Simulated Author's Rebuttal

2 responses · 0 unresolved

We thank the referee for the constructive feedback on the lossless decomposition and evaluation details. We address each major comment below and will incorporate revisions to strengthen the manuscript.

read point-by-point responses
  1. Referee: [Two-stage decomposition and solver (abstract and §4–5)] The central claim that the two-stage decomposition is lossless and recovers the exact joint optimum (resource allocation + per-replica serving strategy) is load-bearing for attributing the reported 2.79× cost and 2.39× goodput gains to joint optimization rather than heuristic effects. No direct optimality verification—such as matching objective values or solutions against the joint formulation on small instances—is described, leaving open the possibility that throughput-demand tracking or GPU-type separation introduces suboptimality.
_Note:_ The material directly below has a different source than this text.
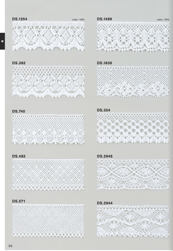 〇シルケット加工済の綿糸を使用したトーションレースで、繊細に編み込んでおります。

    Authors: We appreciate this observation. The two-stage decomposition is proven lossless via a formal argument in §4 that shows the decomposed subproblems recover the exact optimum of the original joint formulation (no suboptimality is introduced by the separation of resource allocation from per-replica strategy selection). To provide the requested empirical verification, we will add an appendix containing small-instance experiments: we solve the full joint ILP on reduced problem sizes (e.g., 2–3 models and 4–6 GPUs) using a commercial solver and compare both objective values and recovered solutions against the two-stage method, confirming exact matches within numerical tolerance. This will directly support attribution of the reported gains to joint optimization. revision: yes

  2. Referee: [Evaluation (§6)] The evaluation claims results across 6 models and 20 GPU configurations, yet supplies no details on baseline implementations (e.g., how vLLM or other systems were configured for heterogeneity), workload traces, statistical methods (repetitions, confidence intervals), or how the solver was validated against ground-truth optima. This weakens the data-to-claim link for the headline performance numbers.

    Authors: We agree that additional implementation and methodological details will improve reproducibility and strengthen the claims. Section 6 already enumerates the six models and twenty GPU configurations, but we will expand it to include: explicit baseline configurations (e.g., how vLLM and other systems were adapted to heterogeneous GPUs via manual resource partitioning), workload trace descriptions (synthetic Poisson arrivals plus production-derived traces), statistical procedures (five independent runs per configuration with 95% confidence intervals), and the small-instance solver validation results referenced in the first comment. These clarifications will be added in the revised manuscript. revision: yes

Circularity Check

0 steps flagged

No circularity: decomposition and evaluation are independent of final metrics

full rationale

The paper formulates a joint optimization problem over resource allocation and per-replica serving strategies, then introduces a two-stage decomposition asserted to preserve optimality. Performance numbers (2.79× cost, 2.39× goodput) are obtained from direct empirical runs on 6 models and 20 GPU configurations. No equations reduce a claimed prediction to a fitted parameter by construction, no load-bearing self-citation chain is invoked to justify uniqueness or the decomposition, and the lossless property is presented as a technical claim rather than a definitional tautology. The derivation chain therefore remains self-contained against external benchmarks.

Axiom & Free-Parameter Ledger

0 free parameters · 0 axioms · 0 invented entities

Abstract provides no explicit free parameters, axioms, or invented entities; any modeling assumptions about GPU performance curves or workload stationarity are implicit and unstated.